Exercise brief:
In the copy, include no images, and repeat each entry precisely as written.

[Working data — start]

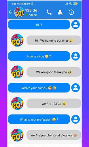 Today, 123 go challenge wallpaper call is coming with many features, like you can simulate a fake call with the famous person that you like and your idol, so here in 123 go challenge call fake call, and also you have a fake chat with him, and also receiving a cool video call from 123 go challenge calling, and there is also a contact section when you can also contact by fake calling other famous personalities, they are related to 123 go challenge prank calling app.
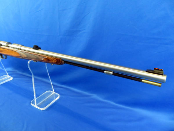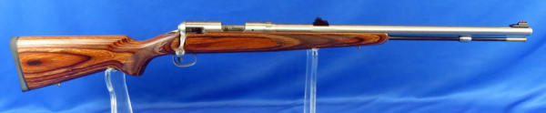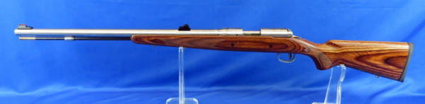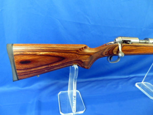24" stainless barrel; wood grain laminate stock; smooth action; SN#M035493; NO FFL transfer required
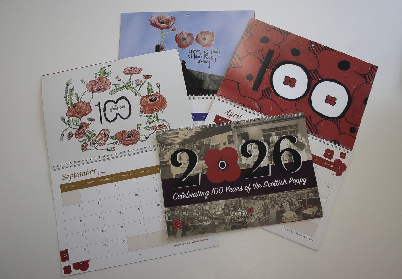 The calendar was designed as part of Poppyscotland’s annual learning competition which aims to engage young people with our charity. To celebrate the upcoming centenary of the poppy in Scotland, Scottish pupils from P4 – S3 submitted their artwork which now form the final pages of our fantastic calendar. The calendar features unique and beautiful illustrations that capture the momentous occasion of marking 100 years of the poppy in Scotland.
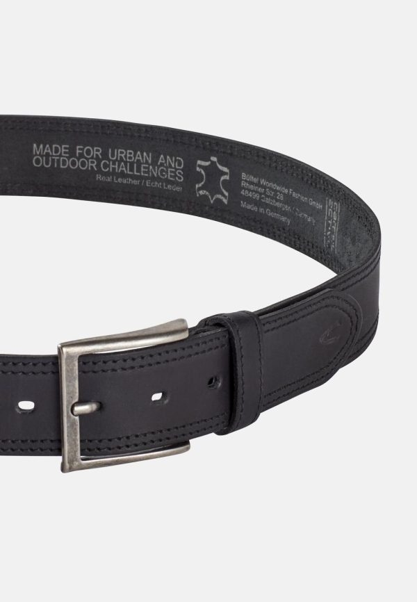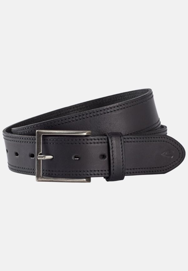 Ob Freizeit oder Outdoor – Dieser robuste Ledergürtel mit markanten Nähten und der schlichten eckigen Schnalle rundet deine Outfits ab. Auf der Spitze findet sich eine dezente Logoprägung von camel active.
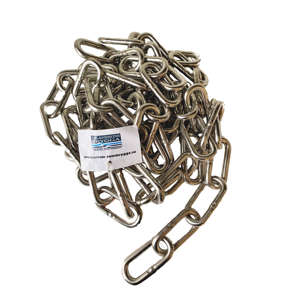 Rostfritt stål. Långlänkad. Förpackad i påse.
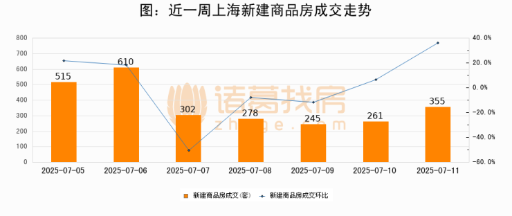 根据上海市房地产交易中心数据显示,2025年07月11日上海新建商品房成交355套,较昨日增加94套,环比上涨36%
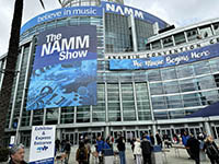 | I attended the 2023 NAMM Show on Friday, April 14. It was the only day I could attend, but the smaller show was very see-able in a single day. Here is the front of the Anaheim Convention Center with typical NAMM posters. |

[Working data — finish]

Answer box:
 Today, 123 go challenge wallpaper call is coming with many features, like you can simulate a fake call with the famous person that you like and your idol, so here in 123 go challenge call fake call, and also you have a fake chat with him, and also receiving a cool video call from 123 go challenge calling, and there is also a contact section when you can also contact by fake calling other famous personalities, they are related to 123 go challenge prank calling app.
24" stainless barrel; wood grain laminate stock; smooth action; SN#M035493; NO FFL transfer required
 The calendar was designed as part of Poppyscotland’s annual learning competition which aims to engage young people with our charity. To celebrate the upcoming centenary of the poppy in Scotland, Scottish pupils from P4 – S3 submitted their artwork which now form the final pages of our fantastic calendar. The calendar features unique and beautiful illustrations that capture the momentous occasion of marking 100 years of the poppy in Scotland.
 Ob Freizeit oder Outdoor – Dieser robuste Ledergürtel mit markanten Nähten und der schlichten eckigen Schnalle rundet deine Outfits ab. Auf der Spitze findet sich eine dezente Logoprägung von camel active.
 Rostfritt stål. Långlänkad. Förpackad i påse.
 根据上海市房地产交易中心数据显示,2025年07月11日上海新建商品房成交355套,较昨日增加94套,环比上涨36%
 | I attended the 2023 NAMM Show on Friday, April 14. It was the only day I could attend, but the smaller show was very see-able in a single day. Here is the front of the Anaheim Convention Center with typical NAMM posters. |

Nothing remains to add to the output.